There are several species of five needle pines (and I agree, they are very beautiful). Talking with your local conservation district will help you determine what species will have the best rate of survival where you are and also be suitable for your circumstances. 

Generally speaking, drain fields and trees should be kept separate...very separate.

Sylvia


----------



## Buckshot00 (May 2, 2010)

*pines*

Iowa dept of forestry and natural resources has the white pines $25 for 100 pines. Good luck.


----------



## RVALUE (May 2, 2010)

What about hemlock seedlings, anybody have any, or good info?

Thanks


----------



## Bigsnowdog (Sep 23, 2010)

Toby52050 said:


> Hello there! i am looking to buy some white pine trees and need a little info, and maybe a contact. first off i am located in ne iowa. I have always liked the aesthetics of white pine trees. these are to be planted near a septic system (approx 25-30 feet away from the drainage portion). first off, if i am correct, does a white pine root system consist mostly of a downward "tap Root" with limited size feelers? next are there different species? the area is approx 100' long the line of these will be located in. i like the idea of the long soft needles, and not a bushy look later on when the bottom branches are cleaned up. if there are nursery guys on here, whats a fair price for something about 3' tall, do you offer a disc. and deliver for an order of like 8 or 10? how about spacing between the trees? i was thinking like 8-10 ft apart. is this reasonable? Thanks!
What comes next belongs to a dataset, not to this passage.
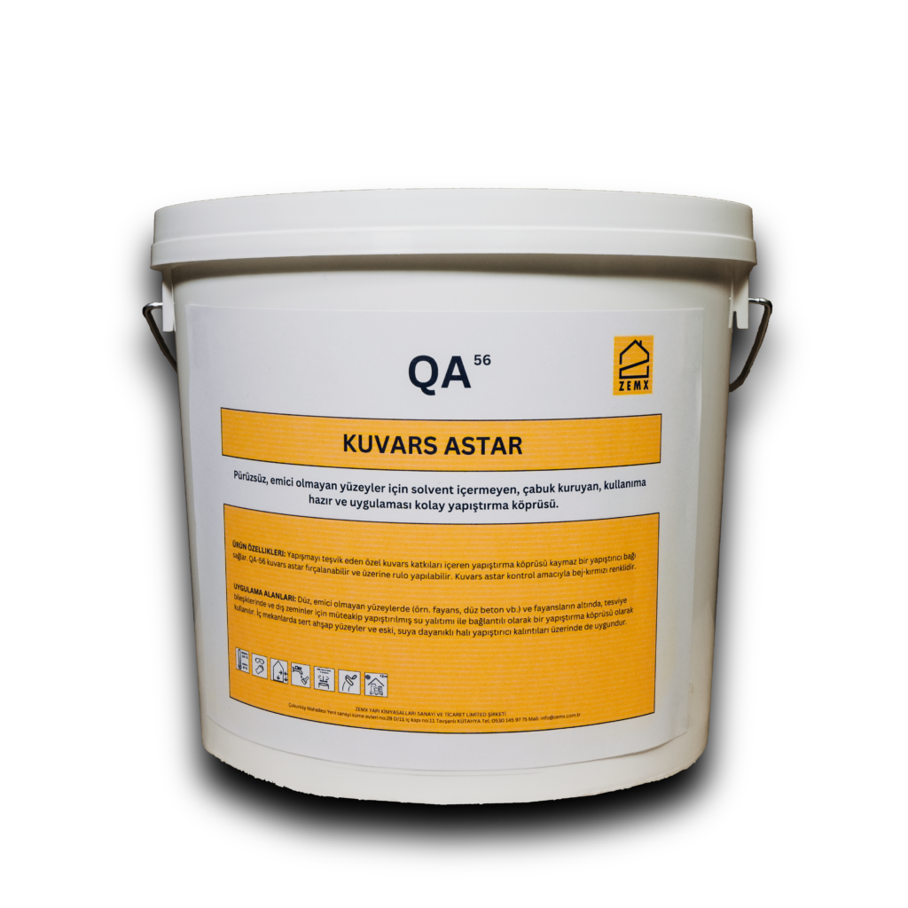 Yapışmayı teşvik eden özel kuvars katkıları içeren yapıştırma köprüsü kaymaz bir yapıştırıcı bağı sağlar. KG-56 kuvars astar fırçalanabilir ve üzerine rulo yapılabilir. Kuvars astar kontrol amacıyla bej-kırmızı renklidir.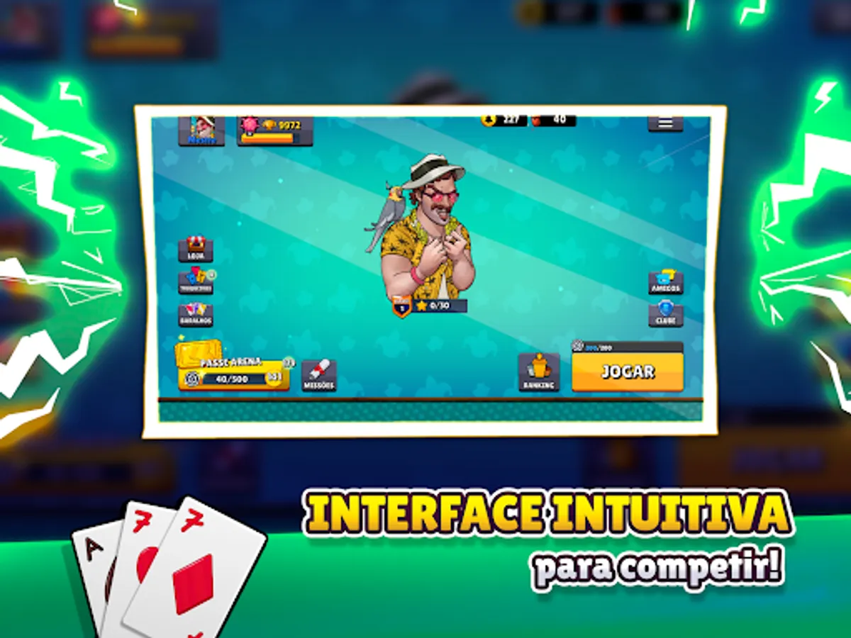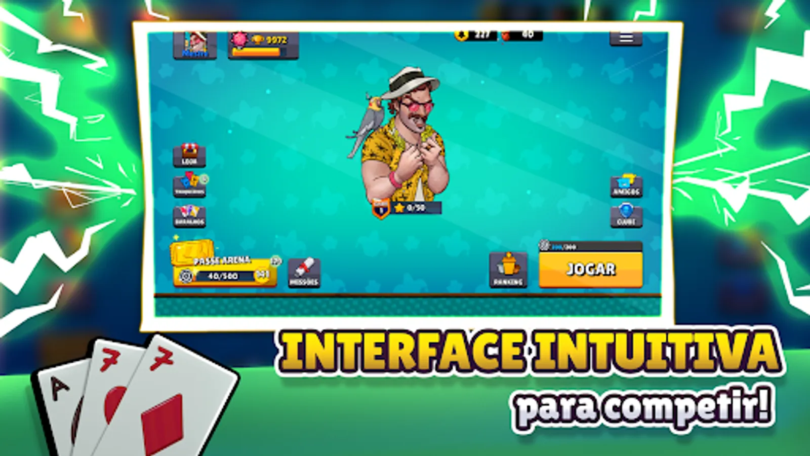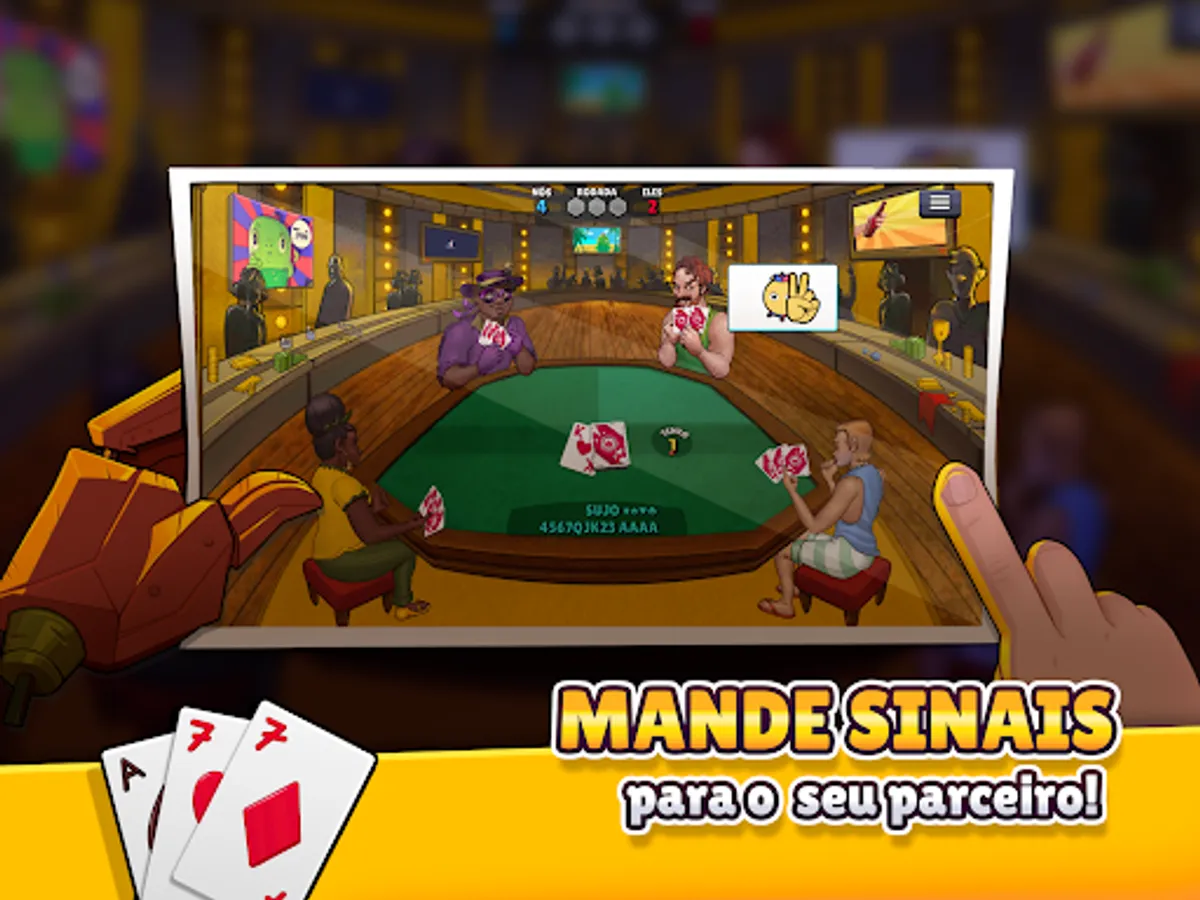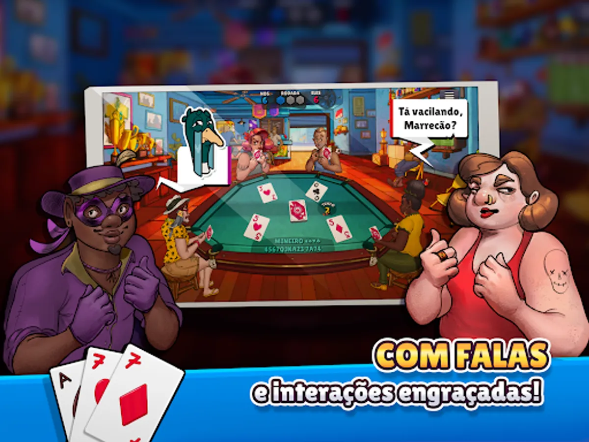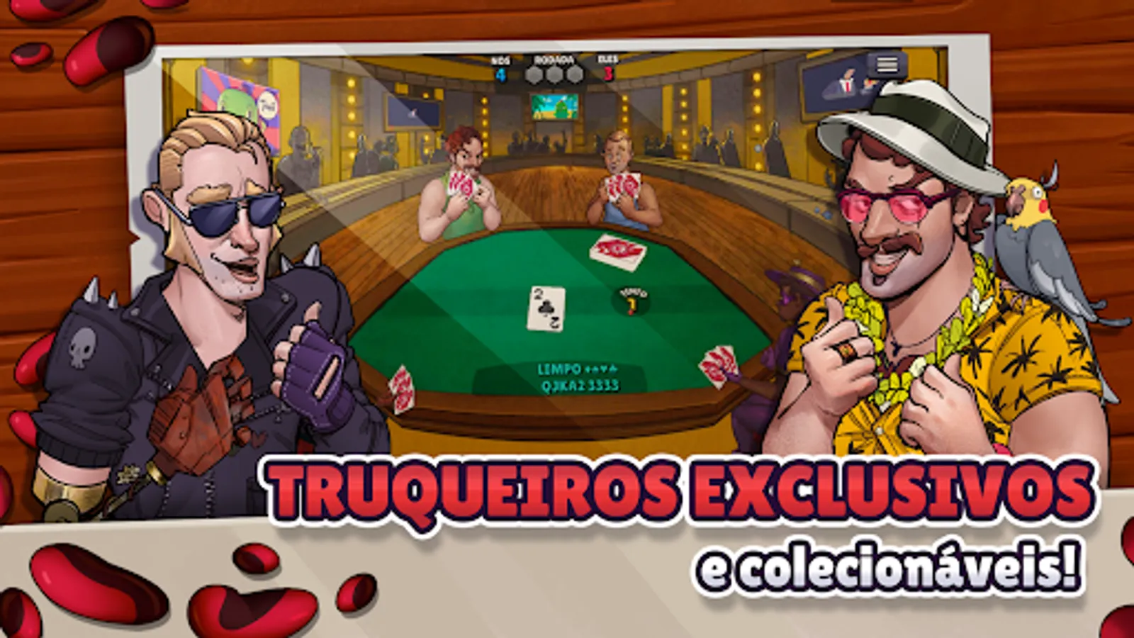 With exclusive characters inspired by the different regions of Brazil, with names from the Truco universe, voices, gestures and typical speeches: you'll have fun tricking and teasing your opponents, and still be able to communicate a lot with your truco partner by sending card signals and communicating with phrases that only he can hear, in order to create a strategy to surprise and defeat the opposing ducks in online truco!

Cascade Forestry in Cascade, Iowa, is a great source. I have purchased thousands of seedlings from them, and also utilized their planting and spraying service in reforestation projects.


----------



## kyle1! (Sep 23, 2010)

*Another source*

Kelly Tree Farm between Cedar Rapids and Clinton. I wouldn't plant seedlings buy potted ones, mulch and fence if you have deer problems

Brian


----------